Starting with the line that has "٦٦٢ - أَخْبَرَنَا" in the records below and ending with the line that has "Lego Star Wars", output those lines exactly and nothing more; omit the pictures.
*** Opening of Available records ***
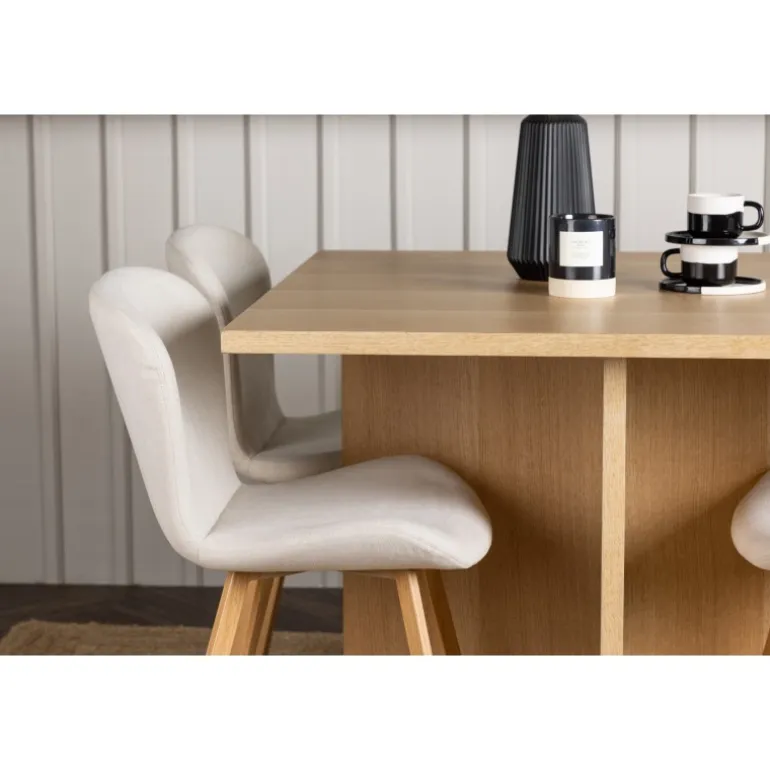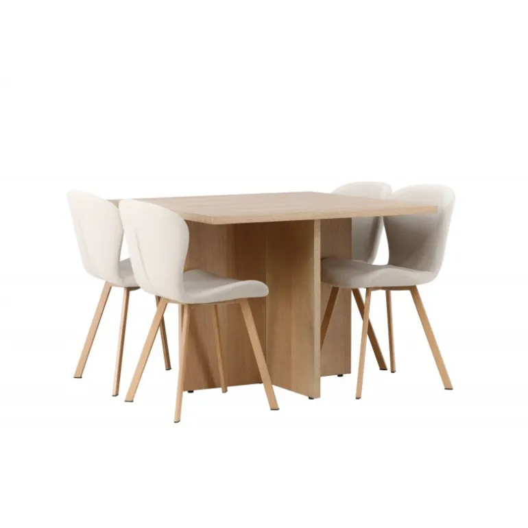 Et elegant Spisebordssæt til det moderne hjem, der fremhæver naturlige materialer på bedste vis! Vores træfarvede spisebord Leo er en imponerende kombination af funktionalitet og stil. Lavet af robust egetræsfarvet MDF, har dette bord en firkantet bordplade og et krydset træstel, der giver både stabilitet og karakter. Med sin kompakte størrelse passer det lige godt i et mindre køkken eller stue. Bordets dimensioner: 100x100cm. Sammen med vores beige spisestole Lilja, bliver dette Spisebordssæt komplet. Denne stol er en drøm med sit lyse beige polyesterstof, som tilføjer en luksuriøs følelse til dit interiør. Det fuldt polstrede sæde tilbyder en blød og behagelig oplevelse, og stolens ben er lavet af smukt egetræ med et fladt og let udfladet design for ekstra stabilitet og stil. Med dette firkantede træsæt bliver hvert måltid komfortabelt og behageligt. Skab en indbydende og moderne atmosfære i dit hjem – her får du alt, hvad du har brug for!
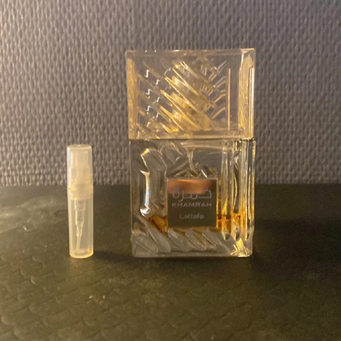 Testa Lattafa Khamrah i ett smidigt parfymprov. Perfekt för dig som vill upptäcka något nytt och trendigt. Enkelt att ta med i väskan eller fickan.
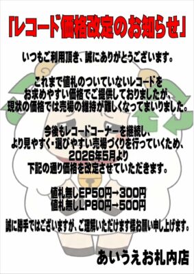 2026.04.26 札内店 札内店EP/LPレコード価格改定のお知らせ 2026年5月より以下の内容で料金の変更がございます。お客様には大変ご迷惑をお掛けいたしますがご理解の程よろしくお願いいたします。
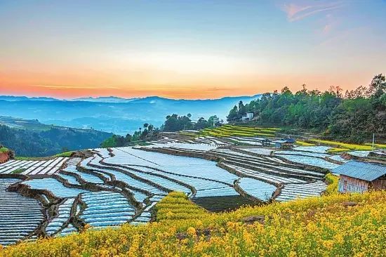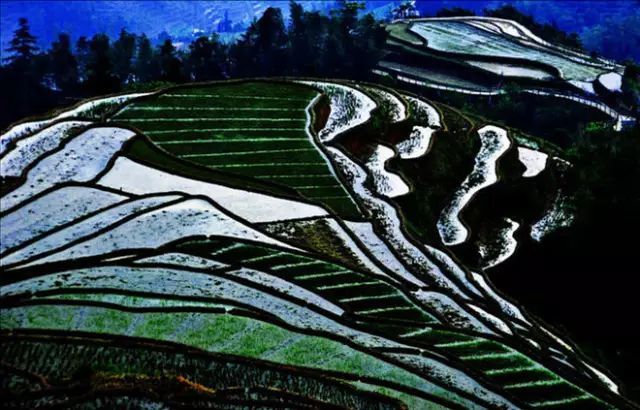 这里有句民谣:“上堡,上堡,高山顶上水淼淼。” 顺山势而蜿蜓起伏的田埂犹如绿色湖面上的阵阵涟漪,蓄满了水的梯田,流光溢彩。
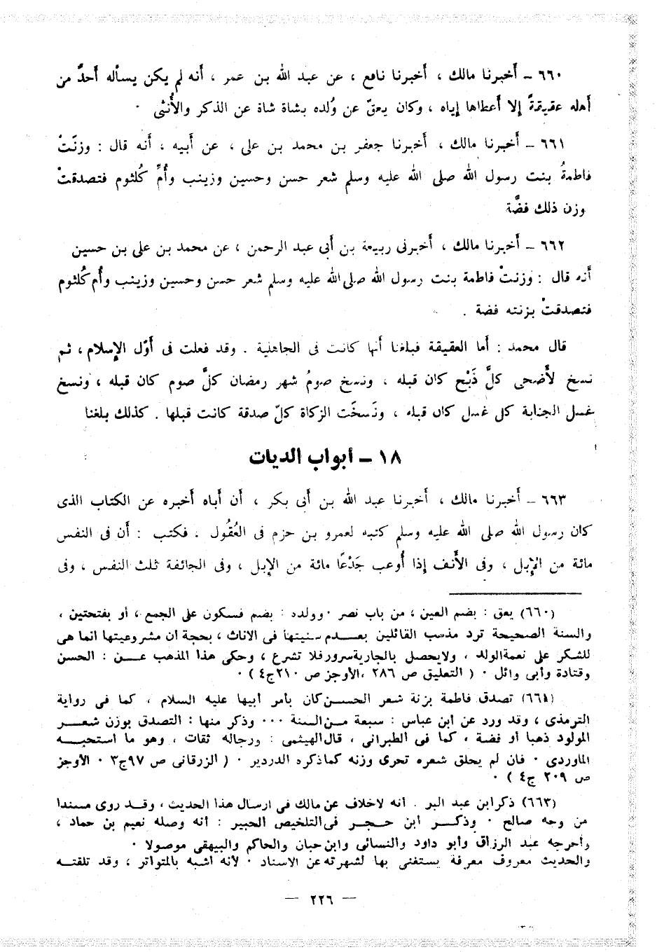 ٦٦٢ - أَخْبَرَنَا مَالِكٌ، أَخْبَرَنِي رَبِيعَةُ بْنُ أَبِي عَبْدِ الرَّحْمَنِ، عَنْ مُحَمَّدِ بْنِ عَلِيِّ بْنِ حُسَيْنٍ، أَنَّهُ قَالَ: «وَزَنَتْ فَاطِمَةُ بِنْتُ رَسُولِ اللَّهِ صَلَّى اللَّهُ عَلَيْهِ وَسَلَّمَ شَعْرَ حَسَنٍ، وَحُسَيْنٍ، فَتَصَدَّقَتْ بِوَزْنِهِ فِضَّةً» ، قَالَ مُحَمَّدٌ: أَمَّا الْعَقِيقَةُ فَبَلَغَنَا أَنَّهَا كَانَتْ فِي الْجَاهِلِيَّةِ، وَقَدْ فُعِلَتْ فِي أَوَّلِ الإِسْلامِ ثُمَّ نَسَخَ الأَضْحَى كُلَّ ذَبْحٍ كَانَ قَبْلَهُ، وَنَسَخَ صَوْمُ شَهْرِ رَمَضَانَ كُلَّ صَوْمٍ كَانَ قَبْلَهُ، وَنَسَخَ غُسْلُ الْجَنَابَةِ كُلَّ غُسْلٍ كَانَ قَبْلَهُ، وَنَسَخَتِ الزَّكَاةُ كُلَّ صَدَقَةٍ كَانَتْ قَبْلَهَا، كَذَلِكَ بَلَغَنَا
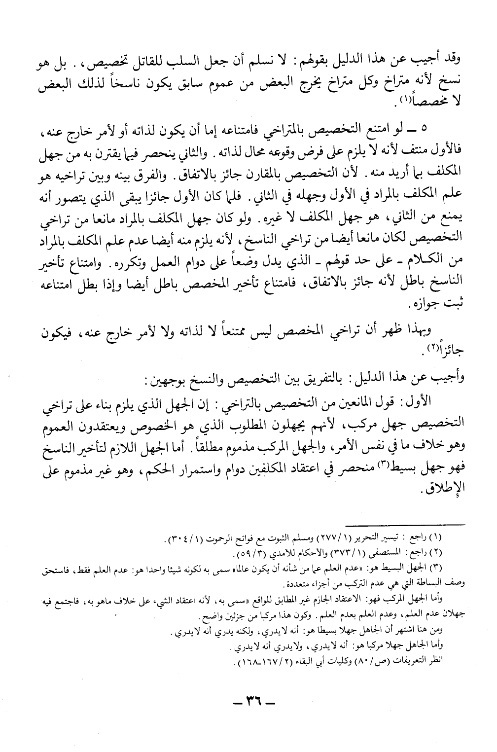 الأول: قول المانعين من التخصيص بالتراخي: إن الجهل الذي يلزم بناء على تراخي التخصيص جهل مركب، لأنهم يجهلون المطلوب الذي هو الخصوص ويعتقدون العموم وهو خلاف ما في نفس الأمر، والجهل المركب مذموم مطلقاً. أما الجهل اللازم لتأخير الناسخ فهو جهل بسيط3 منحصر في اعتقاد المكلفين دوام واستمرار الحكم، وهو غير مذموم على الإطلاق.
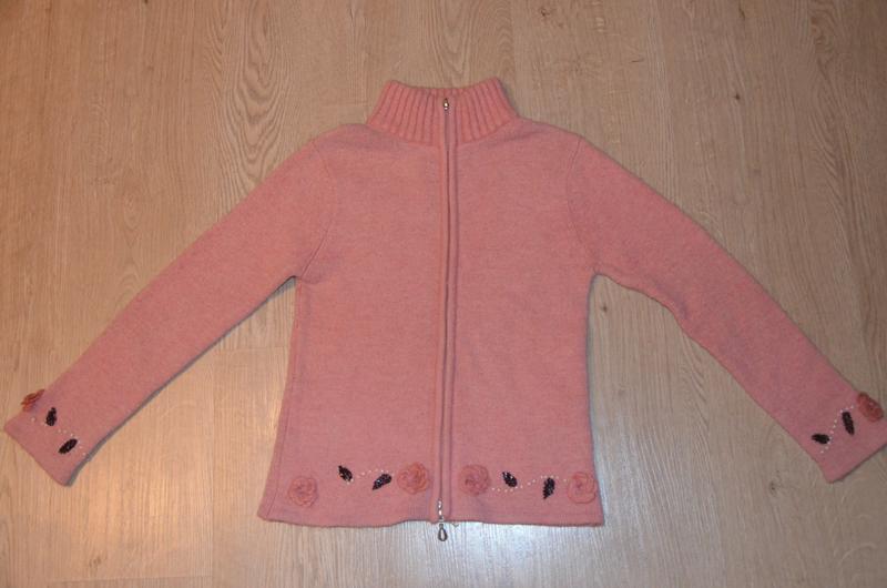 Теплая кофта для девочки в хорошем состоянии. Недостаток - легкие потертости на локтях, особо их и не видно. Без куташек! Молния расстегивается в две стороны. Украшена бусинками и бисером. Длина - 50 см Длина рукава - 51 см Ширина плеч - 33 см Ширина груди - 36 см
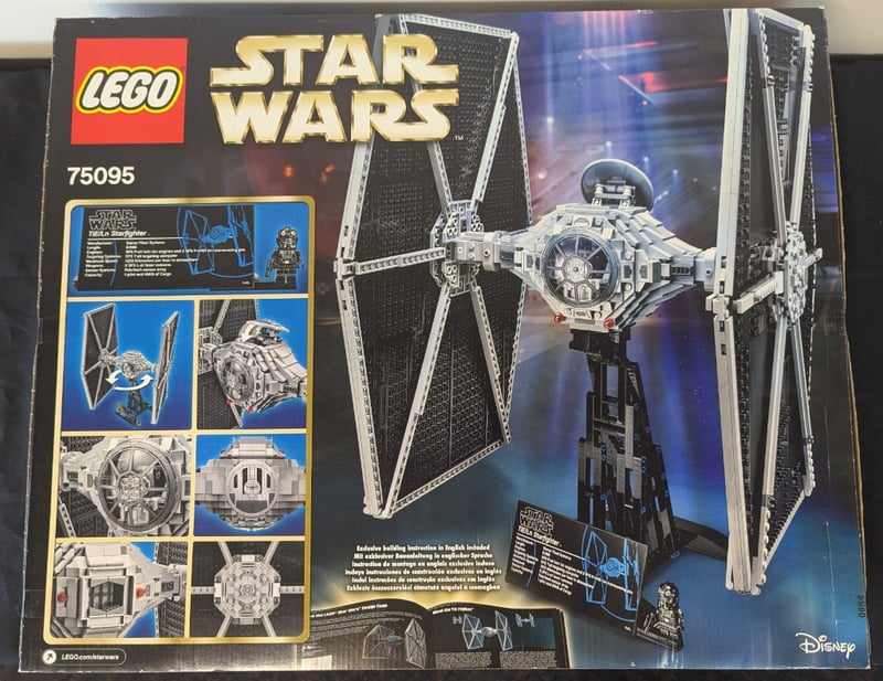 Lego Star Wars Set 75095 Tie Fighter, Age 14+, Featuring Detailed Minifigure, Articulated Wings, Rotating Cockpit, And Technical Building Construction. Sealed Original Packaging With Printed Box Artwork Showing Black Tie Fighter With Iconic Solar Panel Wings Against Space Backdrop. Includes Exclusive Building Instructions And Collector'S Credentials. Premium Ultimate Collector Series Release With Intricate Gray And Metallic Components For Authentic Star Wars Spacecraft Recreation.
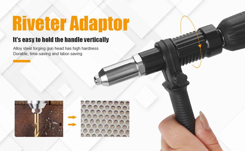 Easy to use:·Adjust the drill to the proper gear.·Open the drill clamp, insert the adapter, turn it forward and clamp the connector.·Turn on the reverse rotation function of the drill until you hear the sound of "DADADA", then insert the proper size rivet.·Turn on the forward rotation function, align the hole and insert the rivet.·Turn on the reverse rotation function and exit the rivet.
*** Close of Available records ***
*Exercise output*:
 ٦٦٢ - أَخْبَرَنَا مَالِكٌ، أَخْبَرَنِي رَبِيعَةُ بْنُ أَبِي عَبْدِ الرَّحْمَنِ، عَنْ مُحَمَّدِ بْنِ عَلِيِّ بْنِ حُسَيْنٍ، أَنَّهُ قَالَ: «وَزَنَتْ فَاطِمَةُ بِنْتُ رَسُولِ اللَّهِ صَلَّى اللَّهُ عَلَيْهِ وَسَلَّمَ شَعْرَ حَسَنٍ، وَحُسَيْنٍ، فَتَصَدَّقَتْ بِوَزْنِهِ فِضَّةً» ، قَالَ مُحَمَّدٌ: أَمَّا الْعَقِيقَةُ فَبَلَغَنَا أَنَّهَا كَانَتْ فِي الْجَاهِلِيَّةِ، وَقَدْ فُعِلَتْ فِي أَوَّلِ الإِسْلامِ ثُمَّ نَسَخَ الأَضْحَى كُلَّ ذَبْحٍ كَانَ قَبْلَهُ، وَنَسَخَ صَوْمُ شَهْرِ رَمَضَانَ كُلَّ صَوْمٍ كَانَ قَبْلَهُ، وَنَسَخَ غُسْلُ الْجَنَابَةِ كُلَّ غُسْلٍ كَانَ قَبْلَهُ، وَنَسَخَتِ الزَّكَاةُ كُلَّ صَدَقَةٍ كَانَتْ قَبْلَهَا، كَذَلِكَ بَلَغَنَا
 الأول: قول المانعين من التخصيص بالتراخي: إن الجهل الذي يلزم بناء على تراخي التخصيص جهل مركب، لأنهم يجهلون المطلوب الذي هو الخصوص ويعتقدون العموم وهو خلاف ما في نفس الأمر، والجهل المركب مذموم مطلقاً. أما الجهل اللازم لتأخير الناسخ فهو جهل بسيط3 منحصر في اعتقاد المكلفين دوام واستمرار الحكم، وهو غير مذموم على الإطلاق.
 Теплая кофта для девочки в хорошем состоянии. Недостаток - легкие потертости на локтях, особо их и не видно. Без куташек! Молния расстегивается в две стороны. Украшена бусинками и бисером. Длина - 50 см Длина рукава - 51 см Ширина плеч - 33 см Ширина груди - 36 см
 Lego Star Wars Set 75095 Tie Fighter, Age 14+, Featuring Detailed Minifigure, Articulated Wings, Rotating Cockpit, And Technical Building Construction. Sealed Original Packaging With Printed Box Artwork Showing Black Tie Fighter With Iconic Solar Panel Wings Against Space Backdrop. Includes Exclusive Building Instructions And Collector'S Credentials. Premium Ultimate Collector Series Release With Intricate Gray And Metallic Components For Authentic Star Wars Spacecraft Recreation.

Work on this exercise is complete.